Nigel Roberts

Everyone is desperate for content. Widely acknowledged as essential in delivering an exceptional brand experience for the modern consumer, ‘content’ is an increasingly important part of the mix.

In this year’s Finance Marketing Survey, we discovered that 77% of finance marketers are increasing their investment in content in 2018/19, by far the largest increase in any area of spending for finance marketers.

However, despite the increased focus on content, its effectiveness remains in question. Not because it isn’t hugely effective – it clearly is – but because more often than not, the content being produced is not designed for its audience.

The problem with content creation

Many marketers are still trapped in the notion of ‘creating copy’, ‘doing videos’ and sending the dreaded ‘newsletter’ – content for the sake of doing content.

Content creation is a traditional approach that falls short of meeting audience needs. Marketers often create content that is more focused on what it wants to say than what the user needs to know.

Instead of creating content, it’s time to start designing it, changing how you build your model of engaging with your audiences through content to focus on them and their needs.

Build on your foundations

Let me acknowledge, if you are creating regular content, that’s a good start.

Getting into the habit of delivering content is the hardest one to establish and if you have a content plan, you’ve completed the first step.

If you’ve deployed marketing automation (MA) and are providing nurture content, then you’re ahead of most. You may even have integrated your MA with your other systems (CRM and website) to close the loop on your content and customer behaviour. If you have, then you have the tools in place to fulfil content design.

Now you just need to connect your tools with your customers and shifting to a content design approach should be your next step.

What is content design?

I’ve seen a few definitions and while this is peak jargon, this one sums it up well:

‘Content design is a systematic and evidence-based methodology for guiding marketers to create content that meets the needs of your audiences along their journey.’

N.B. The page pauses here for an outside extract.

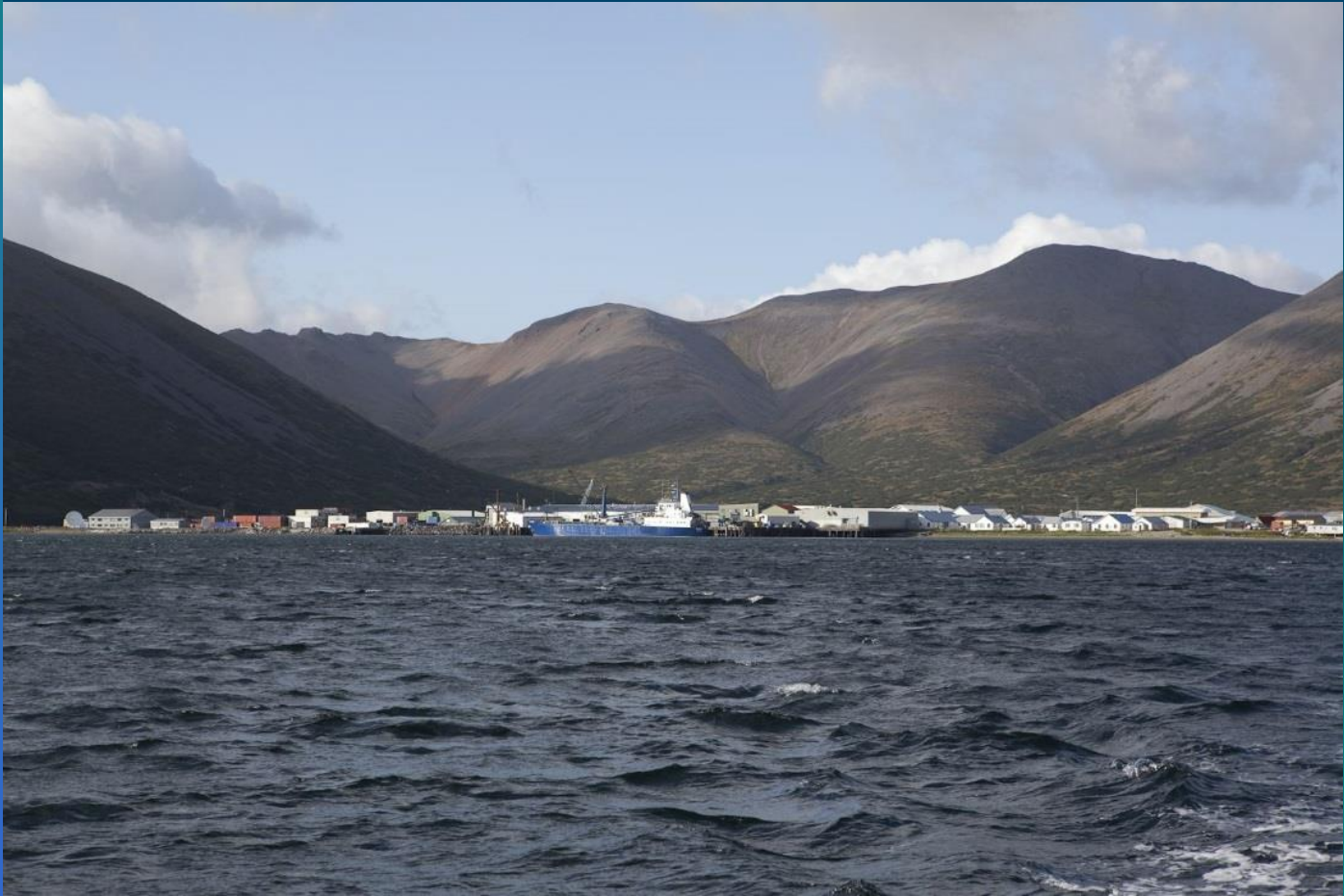
King Cove Waterfront

In plain English, it’s creating content that aligns with the needs of your customers.

At this point it’s probably a good idea to address the concept of content. In this context, content is considered anything that can be read, viewed, or listened to by your prospects and customers throughout their experience with you.

While much of the focus of content design is on digital channels, it’s a discipline that should be applied across every touchpoint if it’s to be delivered effectively.

This includes digital copy, video, podcasts, editorial, call centre scripts, printed collateral, forms and any other media where your content is designed to help your audience achieve a goal, complete a task, or make a decision.

The reason for calling the process ‘design’ is that it comes from a human centered design methodology and aligns closely with service design, focusing on addressing points in a customer’s journey and meeting their needs.

Why content design is the answer

Content design approaches the creation of content from a fundamentally different perspective – your customers’.

This is why traditional content that is more focused on what it wants to say than what the user needs to know flounders. It makes content difficult to understand and act on.

Good content design empowers your customers to do or find out what they need simply and quickly using the most appropriate content format available. It is based on insights about their behaviour, analytics and feedback.

It also allows you to create content to meet the individual needs of your customers. It’s not a one size fits all approach. It’s designed to deliver outcomes that meet the specific needs you’ve identified for your

How does it work?

Content design places people at the heart of a product or service. Aligning with a service design process, or being based on existing customer insights and journeys, it builds your content directly around our users’ needs.

In essence, content design:

  • Uses empathy as a design tool
  • Is delivered through sprints or other fast iterations
  • Uses customer feedback and insights to refine your outcomes
  • Creates positive experiences with every interaction

Content design uses the double diamond approach, similar to other service design approaches:

This should be a rapid process, focusing on key interactions and actions, as a standalone part of, or within an entire journey.

It allows for the creation and testing of multiple pieces of content within one sprint. These can be micro content, like a message on a pop-up on a website, or a piece of animated video content, each piece adding to the overall experience and providing consistency and performing a task across your customers’ journey.

Don’t forget your empathy

One last thing to remember is applying empathy is the cornerstone of content design.

By understanding your audiences’ emotional and rational needs, you can build content that empowers them to meet that need and to move on.

This is the essence of content design, to create content pieces that address diverse needs successfully.

It allows you to consider the broader context of their journey and the function of your content. For example:

  • How did they arrive at your content – where did they come from and what do they know already?
  • Are they informed, or do you need to inform them?
  • The goals and motivations that brought them to the content
  • What do they want to do next? How will you help them do that?

It also means is that you may end up producing multiple versions of a single piece of content designed to meet the needs of your customers’ personas.

But if those content pieces actually deliver a more positive experience and outcomes for you and customers, then isn’t that the whole point of creating content in the first place?